The next day, as I made my way to Cyril’s villa, I felt much less sure of myself intellectually. To celebrate my recovery I had drunk too much at dinner the previous evening and had been more than merry. I had been explaining to my father that I was going to do a literary degree, that I would be associating with learned people and that I wanted to become famous and a real bore. To launch me he would have to use all the tricks of the advertising trade and the scandalmongers. We swapped preposterous ideas and roared with laughter. Anne laughed too, but less loudly and in an indulgent way. At times she stopped laughing altogether, when my ideas about being launched went beyond the boundaries of the literary world, not to say the bounds of decency. But my father was so clearly happy at our being back together again and telling our silly jokes that she said nothing. In the end they put me to bed and tucked me up. I thanked them in a heartfelt way and asked what I would do without them. My father really didn’t know. Anne seemed to have quite strong ideas on that topic but, just as I was begging her to tell me them and she was bending over me, I was overtaken by sleep. In the middle of the night I was sick. Waking up was worse than any previous bad experience of waking up that I had ever had.

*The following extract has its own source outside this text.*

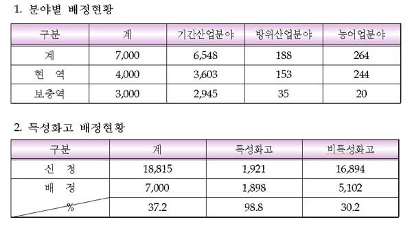이 가운데 특성화고(실업계고, 마이스터고) 졸업생은 신청인원 1,921명의 98.8%인 1,898명이다. 현역 대상자는 1,826명, 보충역은 72명으로 2012년 배정인원 1,351명 보다 40.5% 증가했다.

With my thoughts unfocused and my resolve wavering, I made my way to the pine wood, taking in nothing of the morning sea or the frenzied seagulls.

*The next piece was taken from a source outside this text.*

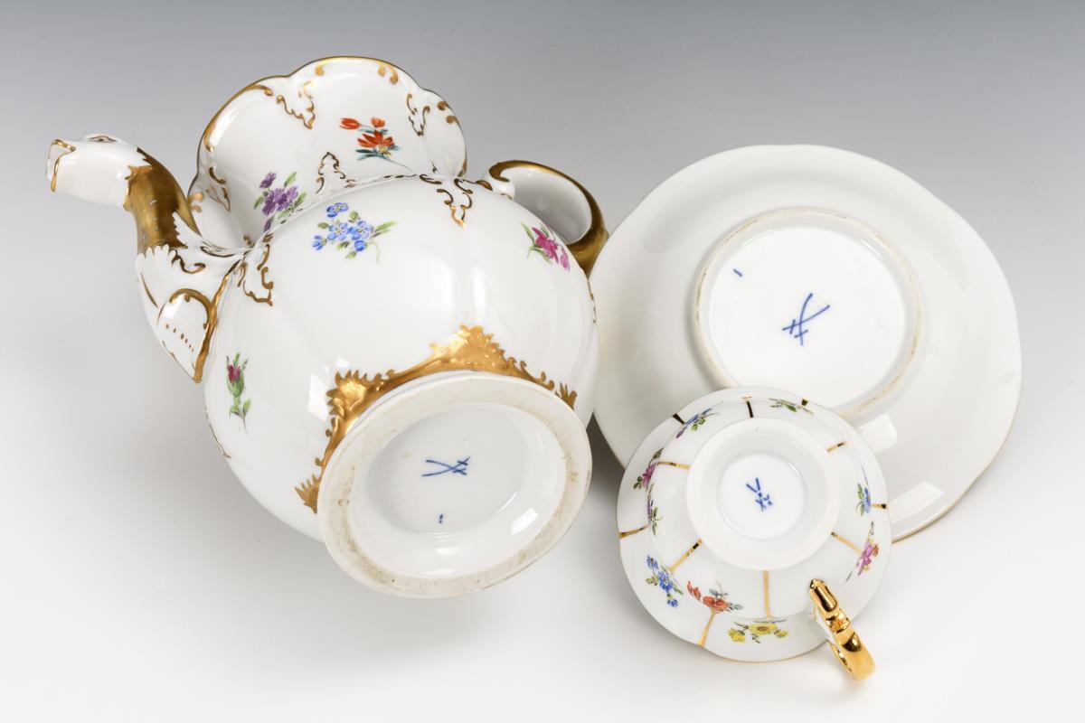 Mokkakanne "B-Form" mit Rociallerelief (H 19,5 cm). / Mokkatasse "B-Form" ohne Rocaillerelief (H 5 cm) mit Untertasse (Ø 13 cm). Mokkakanne mit herstellungsbedingten kleinen Fehlern in der Goldstaffage.

I found Cyril at the entrance to the garden. He bounded towards me, took me in his arms and clasped me fiercely to himself, murmuring incoherently:

‘My sweetheart, I was so worried … It’s been such a long time … I didn’t know what you were doing or whether that woman was making you unhappy … I didn’t know that I could be so unhappy myself … I sailed past the inlet every afternoon at least once, sometimes twice. I didn’t know I loved you so much …’

‘Neither did I,’ I said.

The fact was that I was both surprised and touched. I was sorry I felt so sick and unable to express my emotion.